━━ Record set
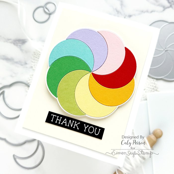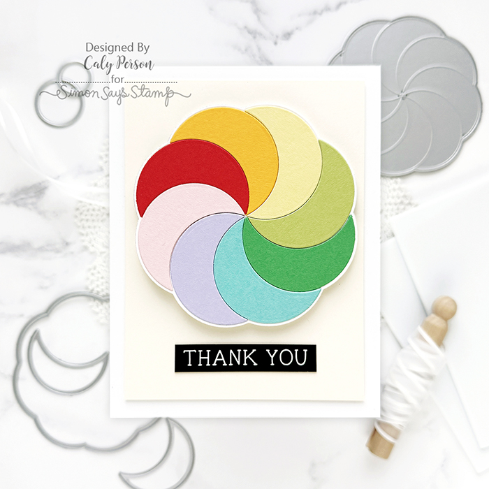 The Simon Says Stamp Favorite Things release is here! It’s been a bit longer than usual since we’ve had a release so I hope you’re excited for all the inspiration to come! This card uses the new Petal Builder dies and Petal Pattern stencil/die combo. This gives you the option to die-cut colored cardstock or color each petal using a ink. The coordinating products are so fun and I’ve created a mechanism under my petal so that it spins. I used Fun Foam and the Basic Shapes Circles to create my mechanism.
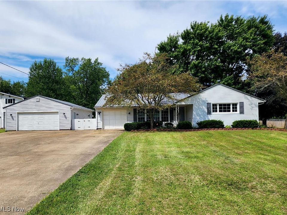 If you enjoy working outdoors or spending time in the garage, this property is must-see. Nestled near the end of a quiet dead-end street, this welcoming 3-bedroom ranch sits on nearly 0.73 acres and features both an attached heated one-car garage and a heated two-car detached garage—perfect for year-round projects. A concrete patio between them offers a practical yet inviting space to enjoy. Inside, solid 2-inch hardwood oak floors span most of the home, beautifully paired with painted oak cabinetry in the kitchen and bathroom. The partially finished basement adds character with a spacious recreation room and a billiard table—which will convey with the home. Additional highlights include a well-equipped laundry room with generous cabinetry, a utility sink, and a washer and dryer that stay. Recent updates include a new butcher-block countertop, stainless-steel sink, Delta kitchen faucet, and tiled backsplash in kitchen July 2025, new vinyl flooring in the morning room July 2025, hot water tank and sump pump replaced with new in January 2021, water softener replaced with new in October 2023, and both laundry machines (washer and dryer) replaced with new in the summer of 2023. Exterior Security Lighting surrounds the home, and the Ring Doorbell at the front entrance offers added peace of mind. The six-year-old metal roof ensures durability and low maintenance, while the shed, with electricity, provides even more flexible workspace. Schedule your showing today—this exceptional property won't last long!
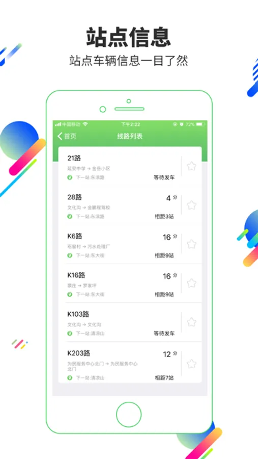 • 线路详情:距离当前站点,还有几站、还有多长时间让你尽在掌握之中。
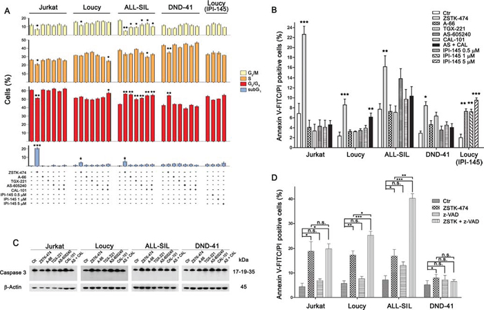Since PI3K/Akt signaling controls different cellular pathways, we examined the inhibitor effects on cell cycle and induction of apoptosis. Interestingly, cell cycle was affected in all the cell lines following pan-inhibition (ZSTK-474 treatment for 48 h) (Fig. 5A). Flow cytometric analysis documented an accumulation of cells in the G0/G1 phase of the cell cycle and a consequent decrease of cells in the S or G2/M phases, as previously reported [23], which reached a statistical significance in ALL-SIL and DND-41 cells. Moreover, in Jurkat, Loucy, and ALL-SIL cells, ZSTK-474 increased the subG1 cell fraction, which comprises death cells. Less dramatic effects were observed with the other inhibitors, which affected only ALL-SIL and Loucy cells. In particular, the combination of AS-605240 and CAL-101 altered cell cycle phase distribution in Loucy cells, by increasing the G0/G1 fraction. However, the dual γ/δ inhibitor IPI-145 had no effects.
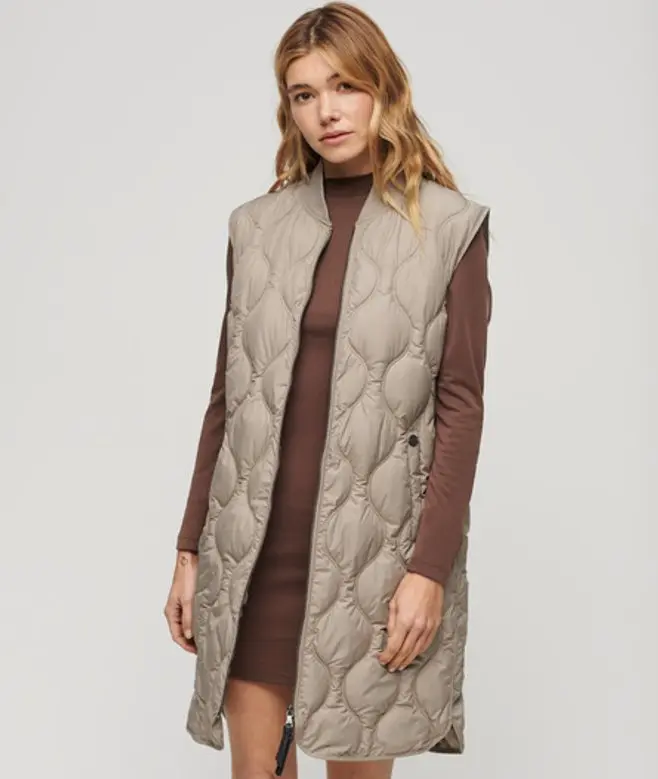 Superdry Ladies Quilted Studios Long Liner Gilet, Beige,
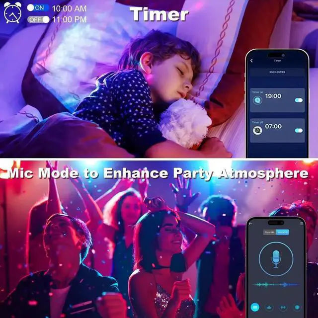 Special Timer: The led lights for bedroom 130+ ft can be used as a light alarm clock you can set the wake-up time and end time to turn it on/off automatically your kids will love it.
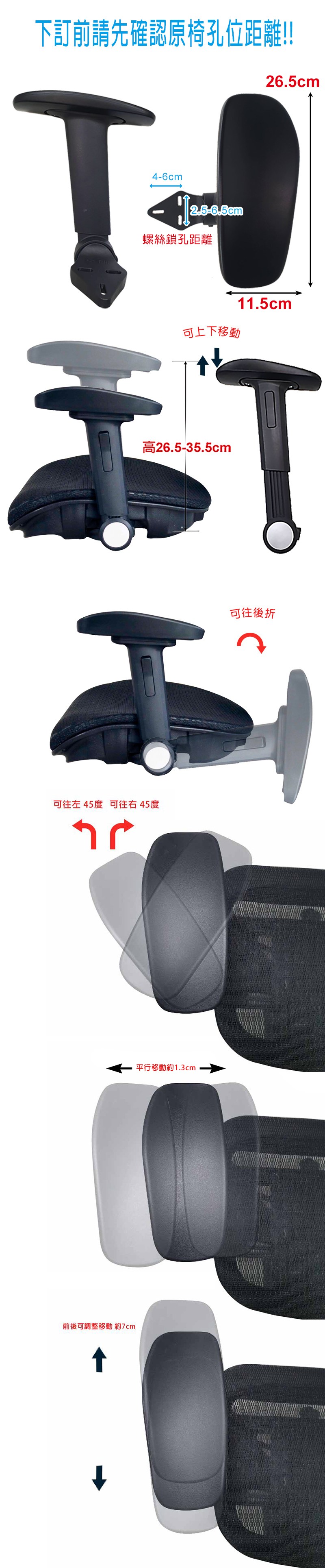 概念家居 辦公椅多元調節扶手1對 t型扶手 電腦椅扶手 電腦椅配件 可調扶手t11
━━━━
━━ Record set
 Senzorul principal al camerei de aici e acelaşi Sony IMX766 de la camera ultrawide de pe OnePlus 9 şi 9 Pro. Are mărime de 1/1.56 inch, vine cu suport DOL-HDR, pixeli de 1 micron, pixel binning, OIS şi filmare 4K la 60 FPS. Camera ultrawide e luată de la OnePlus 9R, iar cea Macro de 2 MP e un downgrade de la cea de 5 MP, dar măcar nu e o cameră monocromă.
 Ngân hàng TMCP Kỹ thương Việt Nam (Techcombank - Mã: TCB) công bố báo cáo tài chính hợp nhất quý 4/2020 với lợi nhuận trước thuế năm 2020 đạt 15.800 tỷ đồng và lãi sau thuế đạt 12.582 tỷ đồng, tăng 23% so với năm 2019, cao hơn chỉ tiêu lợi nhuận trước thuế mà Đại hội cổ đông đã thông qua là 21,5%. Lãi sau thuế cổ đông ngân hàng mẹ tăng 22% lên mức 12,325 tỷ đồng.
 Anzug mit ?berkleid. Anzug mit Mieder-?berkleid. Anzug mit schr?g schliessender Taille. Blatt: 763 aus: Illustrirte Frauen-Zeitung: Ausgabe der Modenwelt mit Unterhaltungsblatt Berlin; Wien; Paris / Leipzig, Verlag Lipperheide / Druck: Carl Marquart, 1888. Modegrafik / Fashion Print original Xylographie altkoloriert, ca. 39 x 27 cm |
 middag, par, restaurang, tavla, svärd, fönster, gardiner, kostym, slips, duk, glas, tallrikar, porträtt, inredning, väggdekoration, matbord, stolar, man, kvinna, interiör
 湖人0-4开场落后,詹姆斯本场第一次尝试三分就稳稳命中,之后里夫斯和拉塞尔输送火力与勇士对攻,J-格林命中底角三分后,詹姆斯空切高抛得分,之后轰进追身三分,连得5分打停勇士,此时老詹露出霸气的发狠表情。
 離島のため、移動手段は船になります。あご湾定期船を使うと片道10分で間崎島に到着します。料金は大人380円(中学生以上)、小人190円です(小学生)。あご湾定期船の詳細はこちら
━━━━
● **Work order**: Using the data above, print exactly the lines from the line that contains "Ngân hàng TMCP" through the line that contains "離島のため、移動手段は船にな", with both included.

● **Response below**:
 Ngân hàng TMCP Kỹ thương Việt Nam (Techcombank - Mã: TCB) công bố báo cáo tài chính hợp nhất quý 4/2020 với lợi nhuận trước thuế năm 2020 đạt 15.800 tỷ đồng và lãi sau thuế đạt 12.582 tỷ đồng, tăng 23% so với năm 2019, cao hơn chỉ tiêu lợi nhuận trước thuế mà Đại hội cổ đông đã thông qua là 21,5%. Lãi sau thuế cổ đông ngân hàng mẹ tăng 22% lên mức 12,325 tỷ đồng.
 Anzug mit ?berkleid. Anzug mit Mieder-?berkleid. Anzug mit schr?g schliessender Taille. Blatt: 763 aus: Illustrirte Frauen-Zeitung: Ausgabe der Modenwelt mit Unterhaltungsblatt Berlin; Wien; Paris / Leipzig, Verlag Lipperheide / Druck: Carl Marquart, 1888. Modegrafik / Fashion Print original Xylographie altkoloriert, ca. 39 x 27 cm |
 middag, par, restaurang, tavla, svärd, fönster, gardiner, kostym, slips, duk, glas, tallrikar, porträtt, inredning, väggdekoration, matbord, stolar, man, kvinna, interiör
 湖人0-4开场落后,詹姆斯本场第一次尝试三分就稳稳命中,之后里夫斯和拉塞尔输送火力与勇士对攻,J-格林命中底角三分后,詹姆斯空切高抛得分,之后轰进追身三分,连得5分打停勇士,此时老詹露出霸气的发狠表情。
 離島のため、移動手段は船になります。あご湾定期船を使うと片道10分で間崎島に到着します。料金は大人380円(中学生以上)、小人190円です(小学生)。あご湾定期船の詳細はこちら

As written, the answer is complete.